Oncologists at SABCS further debated this question in a session entitled "RxPONDER: Was it all ovarian function suppression?" Harold Burstein, medical oncologist at Dana-Farber Cancer Institute who moderated the debate, noted that "if this was a compelling question last week in the clinic, it has become red hot" since Kalinsky's presentation at the meeting.
The answer is important because amenorrhea lowers estrogen levels and staves off cancer recurrence. If the benefit reported last year at SABCS in premenopausal women with 0 to 25 Oncotype DX recurrence scores is largely due to the ovarian suppression effects of chemo, then some oncologists would prefer to use other less toxic ways to stop women's menses, including combining hormone therapies with aromatase inhibitors and surgical removal of ovaries for women who are not planning to have children. Other oncologists, at this point, aren't ready to entirely forgo chemotherapy in all younger breast cancer patients with recurrence scores of 0 to 25, recognizing that gene expression testing with Oncotype DX may not fully capture the biological differences that make some premenopausal tumors more likely to relapse.
Unfortunately, RxPONDER wasn't designed to provide the type of guidance doctors are looking for. "RxPONDER was not powered for subgroup differences, and interpretation of these data can be challenging in the pre-menopausal subgroup given that confounding factors can change over time," Kalinsky, who is also director of the Glenn Family Breast Center at the Winship Cancer Institute, said at the meeting.
He proposed that a large, randomized study is needed to definitively determine which premenopausal women in the 0 to 25 Oncotype DX recurrence risk score category should receive chemo and endocrine therapy, and which can do well with ovarian suppression by other means and endocrine therapy. Such a trial is under discussion among breast cancer researchers, which Exact Sciences indicated it will support.
Updated analysis
Kalinsky reported last year at SABCS that in the 5,000-patient Phase III RxPONDER trial, post-menopausal women with lymph node-positive, HR-positive, HER2-negative breast cancer did not have better invasive disease-free survival or distant relapse-free survival with chemotherapy followed by endocrine therapy if they had Oncotype DX recurrence scores of 25 or lower.
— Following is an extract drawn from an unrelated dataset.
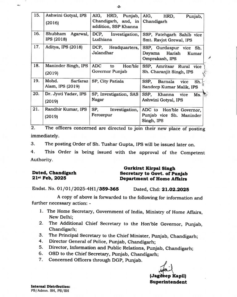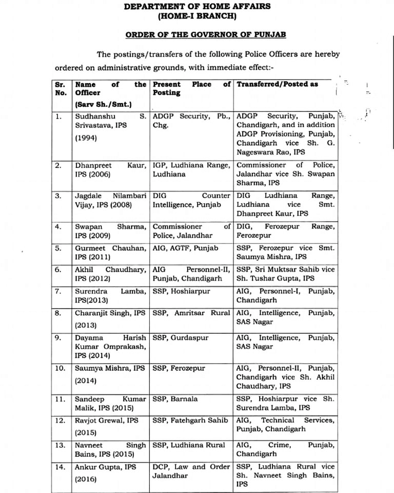 ਮੁੱਖ ਮੰਤਰੀ ਭਗਵੰਤ ਮਾਨ ਸਰਕਾਰ (CM Mann) ਵੱਲੋਂ ਸ਼ੁੱਕਰਵਾਰ ਵੱਡੇ ਪੱਧਰ ‘ਤੇ ਪੰਜਾਬ ਪੁਲਿਸ ਵਿੱਚ ਤਰੱਕੀਆਂ ਤੇ ਤਬਾਦਲੇ ਕੀਤੇ ਗਏ। ਇਨ੍ਹਾਂ ਵਿੱਚ 9 ਜ਼ਿਲ੍ਹਿਆਂ ਦੇ ਐਸਐਸਪੀ ਬਦਲੇ ਗਏ ਹਨ, ਜਦਕਿ ਕੁੱਲ 21 ਅਧਿਕਾਰੀਆਂ ਦਾ ਰੱਦੋ-ਬਦਲ ਕੀਤਾ ਗਿਆ ਹੈ। ਪੜੋ ਪੁਰੀ ਲਿਸਟ…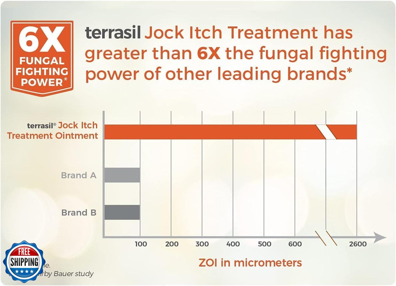 terrasil Jock Itch Antifungal Treatment Extra Strength -Clinically Proven Clotrimazole for Effective Jock Itch Treatment, All-Natural Soothing Care and Fast Relief of Jock Itch (50g) Features POWERFUL JOCK ITCH CREAM: Terrasil Jock Itch Treatment is formulated to quickly treat and heal Jock Itch and associated symptoms. Triple Action: Powerful, Fast and Effective Relief. For men and women for all skin types. CLINICALLY PROVEN EFFECTIVE: Terrasil Jock Itch ointment with 1% Clotrimazole medicine cures most fungal jock itch infections while providing fast soothing relief for burning, itchy, scaly, irritated, and inflamed skin on the groin and inner thighs. For use by men and women. Kills 99.97% of fungus. UNIQUE PATENTED TECHNOLOGY: Only Terrasil Jock Itch Cream contains Activated Minerals, backed by over 20 years of research & development, which together with select ingredients, effectively treats, protects and supports skin healing. NATURAL & SAFE: Terrasil Jock Itch Treatment provides additional therapeutic benefits with natural ingredients including: beeswax, peppermint oil, cotton seed oil, tea tree oil, jojoba seed oil - to moisturize cracking, scaling and damaged skin with soothing relief from itching, burning and soreness. Terrasil is free of parabens, alcohols, dyes, fragrances and steroids. Formulated for even the most sensitive skin EXCEPTIONAL QUALITY FOR POWERFUL RESULTS: Terrasil is formulated with the finest ingredients and made in the USA to the highest quality manufacturing standards. FSA & HSA Approved Shipping Free & Fast Shipping: We offer free shipping to most of the USA with a normal delivery time of 3-7 days. However, due to the current situation, additional delivery time (up to 3 weeks) may be required for some items. Alternative Carriers: We may use alternative carriers (e.g., USPS, FedEx, UPS) to ensure your package arrives safely and on time. Due to the use of multiple carriers, we are unable to provide a tracking number automatically. Handling Time: Orders are processed and shipped within 1-2 business days of receiving cleared payment. Shipping Restrictions: Shipping to Alaska, Hawaii, Puerto Rico, Guam, and other US territories may incur shipping charges or delivery restrictions. Please contact us before ordering, or your order can be refunded/cancelled. State Restrictions: Certain items may not be shipped to California due to state regulations. Contact for Tracking Updates: If you require tracking updates or have any concerns about the delivery of your order, please feel free to contact us, and we will be happy to assist you. Return Policy 30-Day Hassle-Free Returns: If you are not completely satisfied with your purchase, you can return the item for free within 30 days of receiving it for a full refund or exchange. Easy Return Process: Contact us, and we will provide you with a prepaid return shipping label and detailed instructions. No Restocking Fee: There are no restocking fees for returns. However, the buyer is responsible for return shipping costs if the return is not due to a seller"s error. Refund Processing: Refunds will be processed within 1 business day of receiving the returned item in its original condition. Feedback Your feedback is extremely important to us. We strive to provide the best products and customer service possible. If you are satisfied with your purchase, please take a moment to leave us a positive review. If you have any concerns or issues with your order, please contact us before leaving negative feedback. We are committed to resolving any problems and ensuring your satisfaction. Contact Us If you have any questions or concerns, please feel free to reach out to our customer support team. You can contact us through the eBay messaging system. We are available Monday to Friday, 9:00 am to 5:00 pm EST, and we will do our best to respond to your inquiry within 24 hours. Thank you for supporting our small family business!

However, the five-year invasive disease-free survival rate in premenopausal women with recurrence scores in the same range was 94 percent for those receiving chemo-endocrine therapy, and 89 percent for those in the endocrine therapy-only arm.
These findings left oncologists wondering what the biological basis may be for premenopausal women's tumors benefitting from chemotherapy and postmenopausal women's tumors not, despite having the same recurrence scores. Some questioned whether the invasive disease-free survival benefit seen in premenopausal women was entirely due to chemotherapy stopping younger women's menses, and if so, if the same outcomes may be achieved by combining endocrine therapy and other means of ovarian function suppression.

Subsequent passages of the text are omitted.